While he was the commander of 6th SOPS, he had two main missions when he took the job of flying low-level weather satellites: keep the mission of flying weather satellites going strong and later close the mission down.

“I knew we could really do some amazing things if we did it right,” he said. “I was prepared for the mission, but I was not prepared for the people … the people are the mission. As a squadron commander, I thought it was my responsibility to solve every one of their problems. For a while, I was working myself to death. I rarely got home for dinner, missed my kids’ events … the squadron was doing well, but it just wasn’t taking that next step.”

That’s when he recalled the moment that changed his leadership tactics and he learned to rely on his enlisted leaders.

“One day, after a staff meeting that didn’t go very well, three master sergeants knocked on my door. They said, ‘Sir, we can see you’re upset and things aren’t going the way you want them to go. What is the problem?’ I said, ‘we’re almost there, but I can’t seem to get the airmen’s attention.’ They looked at me and said, ‘why didn’t you just ask us?’

“It hit me like a ton of bricks. I realized I was working the wrong way. I needed to work more closely with the master sergeants, not the airmen,” he said. “My job was to work with the senior NCOs and have the senior NCOs work with the junior NCOs and the junior NCOs work with the airmen … the chain of command actually works pretty well.”

Those meetings he had with the master sergeants proved to be the tipping point to give the 6th SOPS the boost needed to take that next crucial step.

“In that last year the squadron set nearly every performance record in the history of this command,” he said. “You know what else happened? I got home for dinner. I got to see the kids’ soccer games. When the squadron looked at me doing those things, they realized it was OK for everybody else to do those kinds of things, too. When I moved up to (command) a group and a wing, the chiefs became that for me. I could provide the leadership that was needed for them, but they really did the work.”

Stepping into his new job, he knows what’s ahead and he sees the new DOD strategy highlighting space and cyberspace impacting the men and women of the command.

“It reinforces the importance of space and cyberspace and everything we do as a military,” he said. “Both of those domains are now contested domains.

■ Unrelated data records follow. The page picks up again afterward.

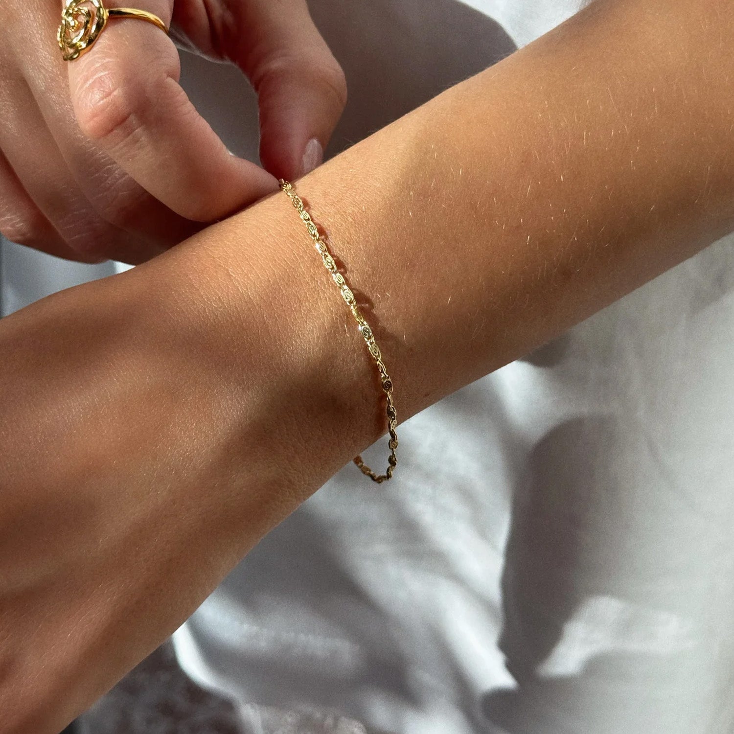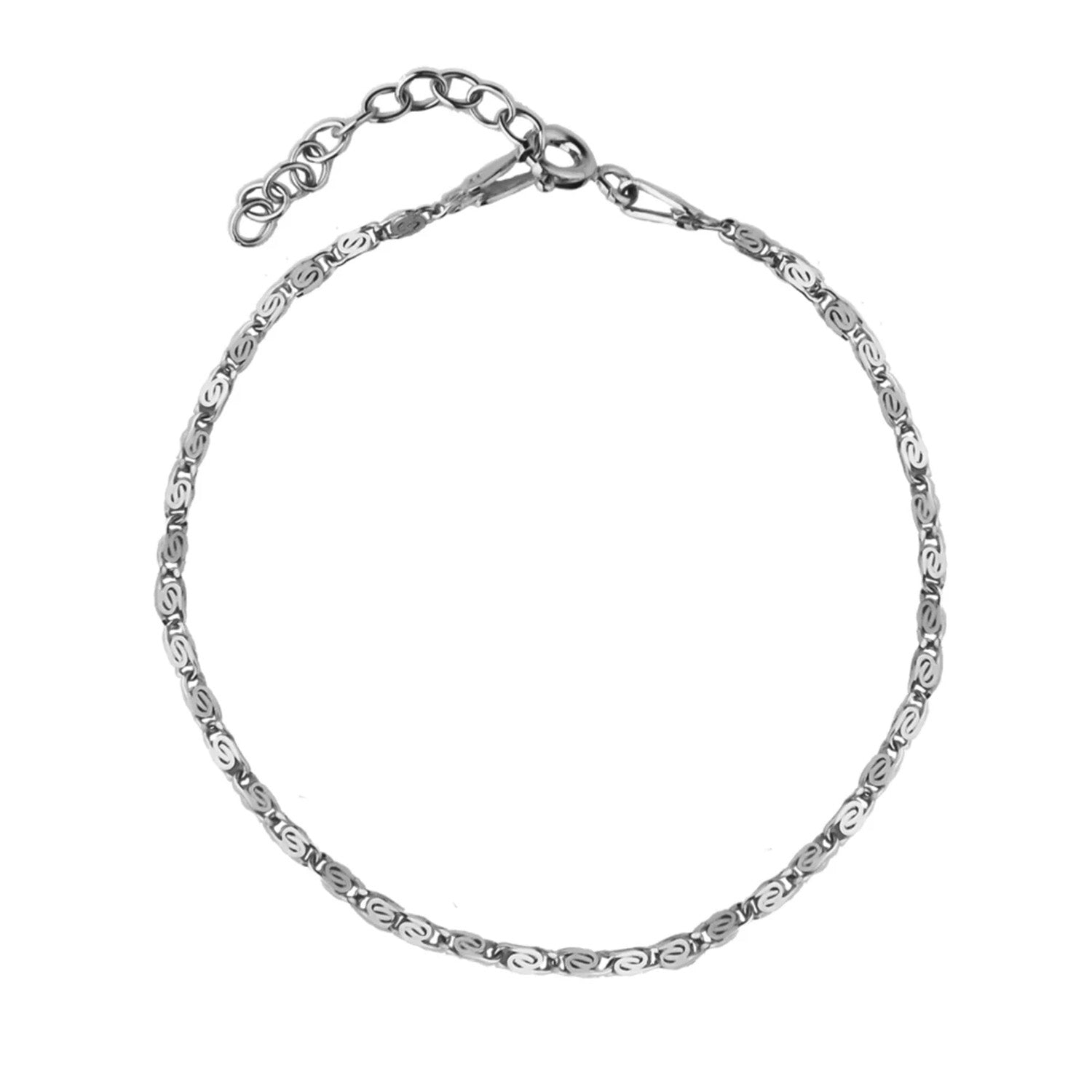 Armbåndet er udført i et smukt sølvdesign, der fremhæver dets subtile detaljer. De fine mønstre på kæden skaber en let og luftig følelse, mens den skinnende overflade reflekterer lyset på en elegant måde. Det slanke design gør det nemt at kombinere med andre smykker, eller bære alene for et minimalistisk look.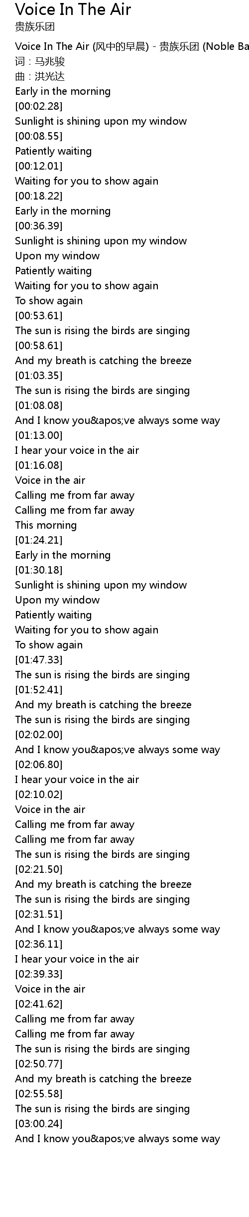 | [00:00.00] | Voice In The Air fēng zhōng de zǎo chén guì zú yuè tuán Noble Band |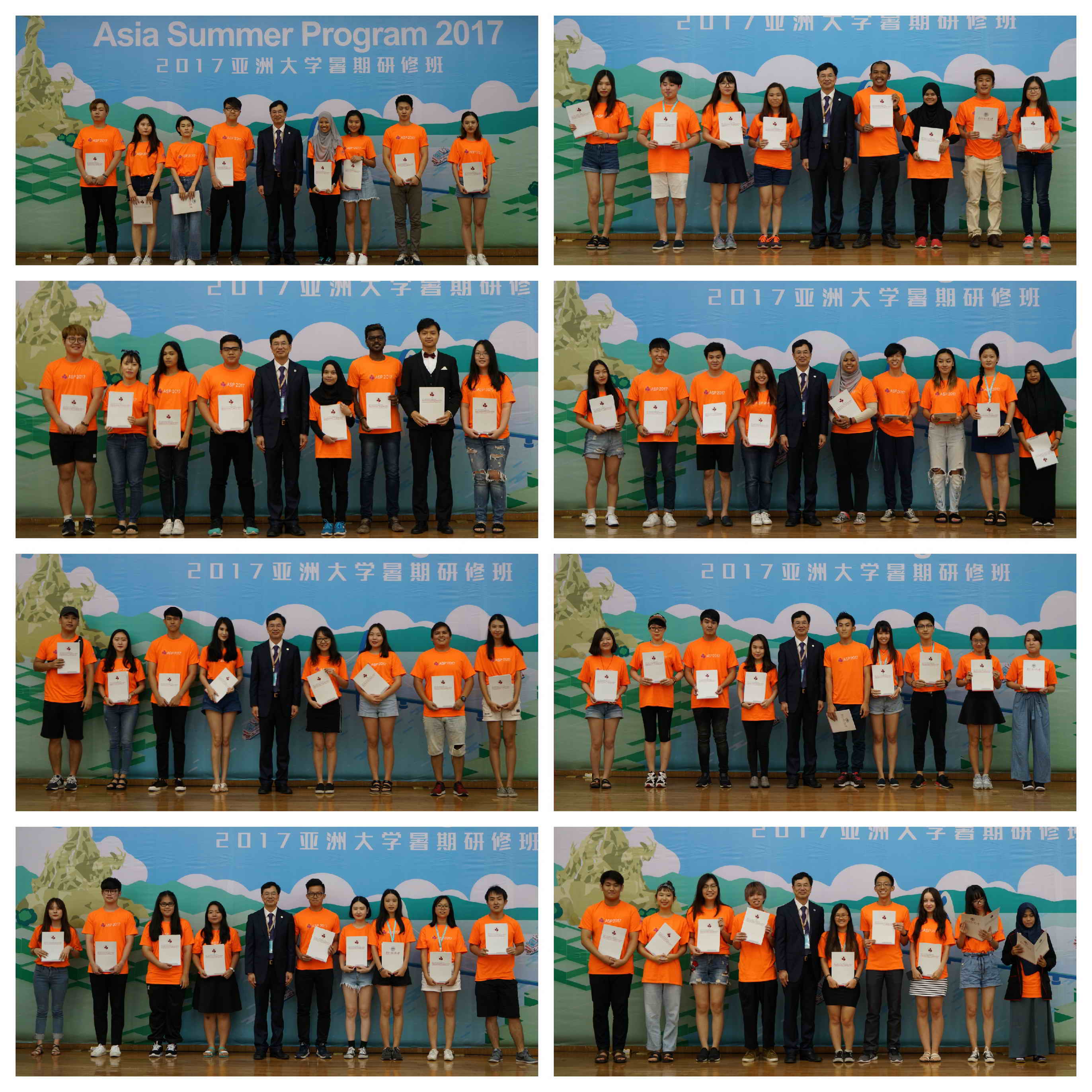 何传添为研修班老师、学员与志愿者颁发证书。全体人员一通观看2017年亚洲大学暑期研修班回顾视频。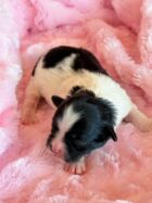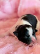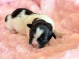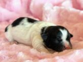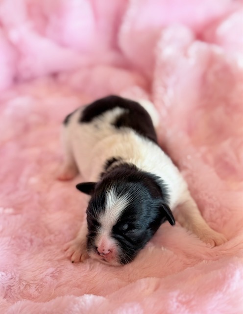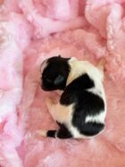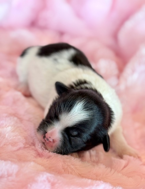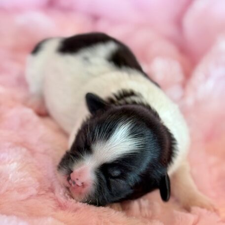 Bella is an adorable little Malshi! Her parents are Macy and Tiny, our registered Shih Tzu and Maltese. I expect her to weigh around 8-9 lbs when full grown, she has a beautiful non-shedding white and black coat! Bella will be ready for a family around June 2, she can be reserved now.

That’s something we really didn’t think about not too long ago. It’s something we have to think about now and into the future. That’s where this command is going to have to deliver the capabilities we provide to the warfighter and people around the world on a daily basis and figure out how to do that in a different environment.”

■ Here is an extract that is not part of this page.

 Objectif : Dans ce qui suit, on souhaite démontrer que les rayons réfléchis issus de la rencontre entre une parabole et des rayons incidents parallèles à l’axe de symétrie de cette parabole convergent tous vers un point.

While bringing space and cyberspace to the forefront of how the military operates, Hyten explained his focus on the way ahead.

“My expectations are twofold,” he said. “Number one, we have to continue to provide and ensure the space capabilities that have fundamentally changed the way America fights. The second thing we have to do is bring cyber up to the level of maturity that space has reached. It took us 30 years to reach this level of maturity in space. It can’t take that long in cyber. We have to move fast and we have to do that in the next couple years.”

As he settles into his new job, the general said he understands the challenges ahead and looks forward to working with the command that continues to take space and cyberspace to the cutting edge.

“It’s great to be back in Space Command in Colorado Springs,” he said. “I had a good tour at the Pentagon. It was great to work there, but it’s really great to be back in Space Command and I’m very excited to work again for General Shelton. I feel with the leadership he provides and the people here, we are going to do some amazing things.”